# Textausgabe in neuem Fenster



## new@java (13. Okt 2010)

Hallo,

ich bin gerade dabei, ein kleines Spiel zu programmieren und möchte, dass sich bei Klick auf einen bestimmten Button ein neues Fenster öffnet, in dem formatierter Text steht. Seit Tagen halte ich mich an dieser Sache, die eigentlich eine Kleinigkeit ist, auf. Und das Internet hilft mir auch nicht weiter, finde einfach nicht den passenden Hinweis und weiß auch schon nicht mehr, wonach ich suchen soll. Also, ich hoffe, hier kann mir jemand weiterhelfen. Hier mein Quellcode für das Fenster, in dem der Text stehen soll: 


```
import javax.swing.*;
import java.awt.*;
import java.text.*;

public class Spielregeln extends JFrame
{
	 public Spielregeln() 
	  {
	    super();
	    setSize( 800,200 );
	    setTitle ("Spielregeln");
	    setDefaultCloseOperation(WindowConstants.DISPOSE_ON_CLOSE);   
	    setVisible( true );
	    getContentPane().setLayout(new FlowLayout());
	    JLabel label = new JLabel("Textausgabe");
	    label.setFont(new Font("Serif", Font.PLAIN, 36));
	    getContentPane().add(label);
	    setSize(800, 500);
	    setLocationRelativeTo(null);  
	    setVisible(true);

	  }
	    	 
	  public static void main( String[] args)
	  {
	    new Spielregeln();
	  }

	}
```

Das Öffnen des Fensters funktioniert einwandfrei. Es steht halt bisher nur "Textausgabe" in dem Fenster, wo wie ich es oben ja auch festgelegt habe. Aber wie bekomme ich es hin, dass ein längerer, formatierter Text (Spielregeln) angezeigt wird?

Vielen Dank im Voraus für eure Hilfe!


----------



## eRaaaa (13. Okt 2010)

new@java hat gesagt.:


> Aber wie bekomme ich es hin, dass ein längerer, formatierter Text (Spielregeln) angezeigt wird?

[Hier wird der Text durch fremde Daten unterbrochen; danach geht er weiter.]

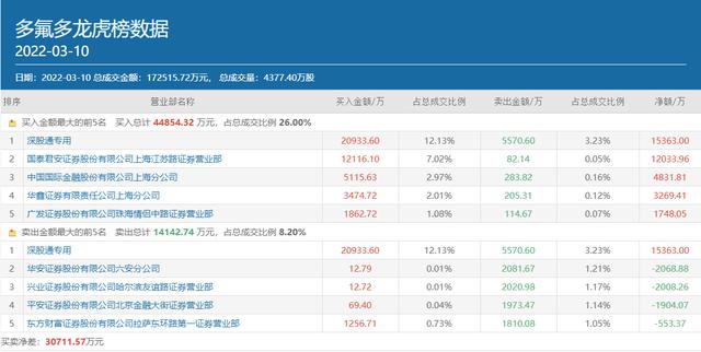 值得一提的是,3月10日,除了章盟主以外,多氟多还获得了北上资金的青睐,深股通专用席位高居该股买方榜首,净买入金额为1.54亿元。

Mit einer JTextPane und einem entsprechendem StyledDocument. Hier findest du viele Beispiele und eine Erklärung, wenn es dann noch konkrete Probleme gibt, kannst du dich ja nochmal melden


----------



## new@java (13. Okt 2010)

Danke für die schnelle Antwort, eRaaaa! Die Seite ist auch wirklich nicht schlecht. Aber ich vermute, mir mangelt´s am Grundverständnis. An welcher Stelle genau muss der eigentliche Text denn im Quellcode stehen? Sehe auf der Seite nirgendwo den Text im Quellcode. Bei mir ist er ja quasi auf dem Label und wird ja auch angezeigt, aber ich kann ja schließlich nicht den ganzen Text in die Gänsefüßchen schreiben und dann formatieren, oder? Verstehst du ansatzweise, worauf ich hinaus will? ???:L Bin mir nicht sicher, ob ich mich klar genug ausdrücke


----------



## eRaaaa (13. Okt 2010)

new@java hat gesagt.:


> aber ich kann ja schließlich nicht den ganzen Text in die Gänsefüßchen schreiben und dann formatieren, oder?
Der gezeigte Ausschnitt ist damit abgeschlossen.